(Dataset items)
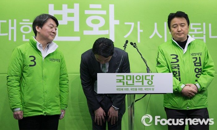 (서울=포커스뉴스) 더불어민주당을 탈당한 정호준 의원(가운데)이 16일 오후 서울 마포구 국민의당 당사에서 국민의당 입당 인사를 하고 있다. 왼쪽부터 안철수 국민의당 상임공동대표, 정호준 의원, 김영환 공동선대위원장
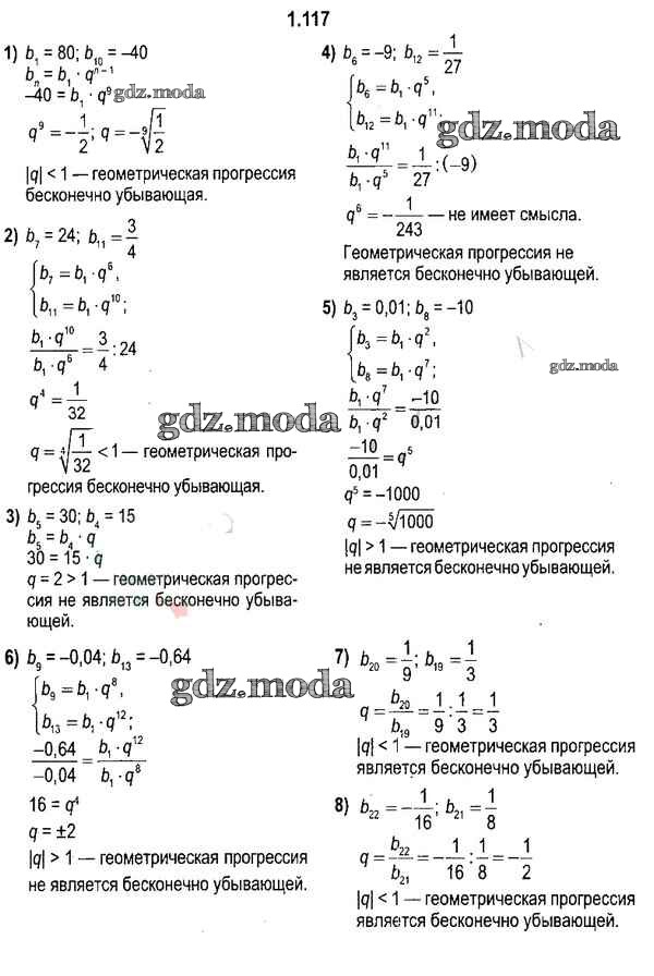 ОТВЕТ на задание № 1.117 Учебник по Алгебре 11 класс Кузнецова
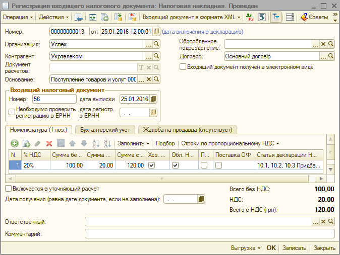1.2. Регистрация входящего налогового документа (отражаем факт получения Налоговой накладной от поставщика)
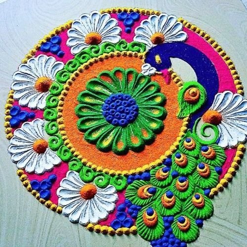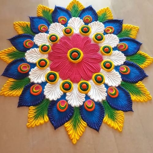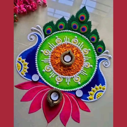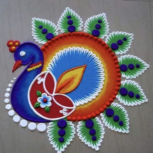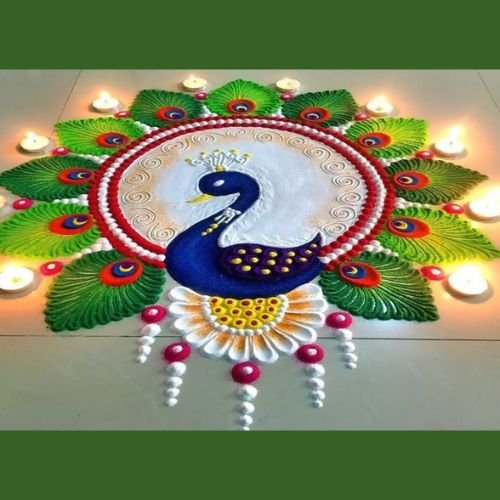 A symbol of beauty and grace, peacock rangolis are a Diwali favorite. Opt for detailed feathers and glitter outlines.
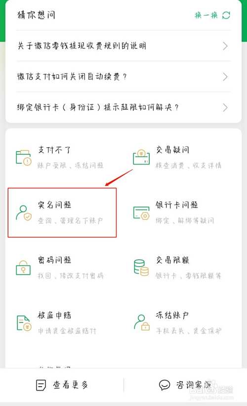 在“帮助中心”页面中选择【实名问题】
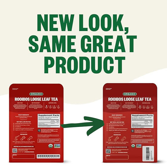 FGO Organic Rooibos Tea, 16 Ounce Loose Leaf Bulk Resealable Bag, Caffeine Free, Packaging May Vary (Pack of 1)
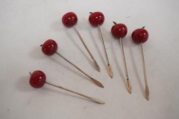 Lot 1003 , A set of six modern sterling cocktail sticks, with 'cherry' terminals, stamped sterling, 69mm, together with an Elizabeth II silver petal dish and spoon, maker CJG, London, 1981.
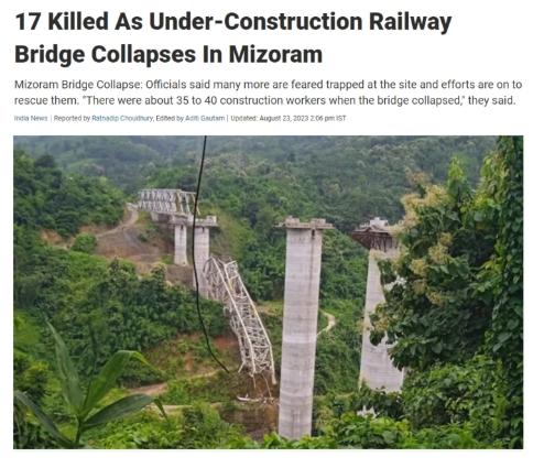 中新網8月23日電 據印度電視台報道,當地時間23日,印度警方稱,米佐拉姆邦塞朗地區附近一座正在施工的鐵路橋倒塌,造成至少17名工人遇難。

> **TASK ITEM**
Beginning with the line with "FGO Organic Rooibos", repeat the entries above exactly, up to and including the last line, leaving out pictures.

> **RESULT OF THIS TASK**
 FGO Organic Rooibos Tea, 16 Ounce Loose Leaf Bulk Resealable Bag, Caffeine Free, Packaging May Vary (Pack of 1)
 Lot 1003 , A set of six modern sterling cocktail sticks, with 'cherry' terminals, stamped sterling, 69mm, together with an Elizabeth II silver petal dish and spoon, maker CJG, London, 1981.
 中新網8月23日電 據印度電視台報道,當地時間23日,印度警方稱,米佐拉姆邦塞朗地區附近一座正在施工的鐵路橋倒塌,造成至少17名工人遇難。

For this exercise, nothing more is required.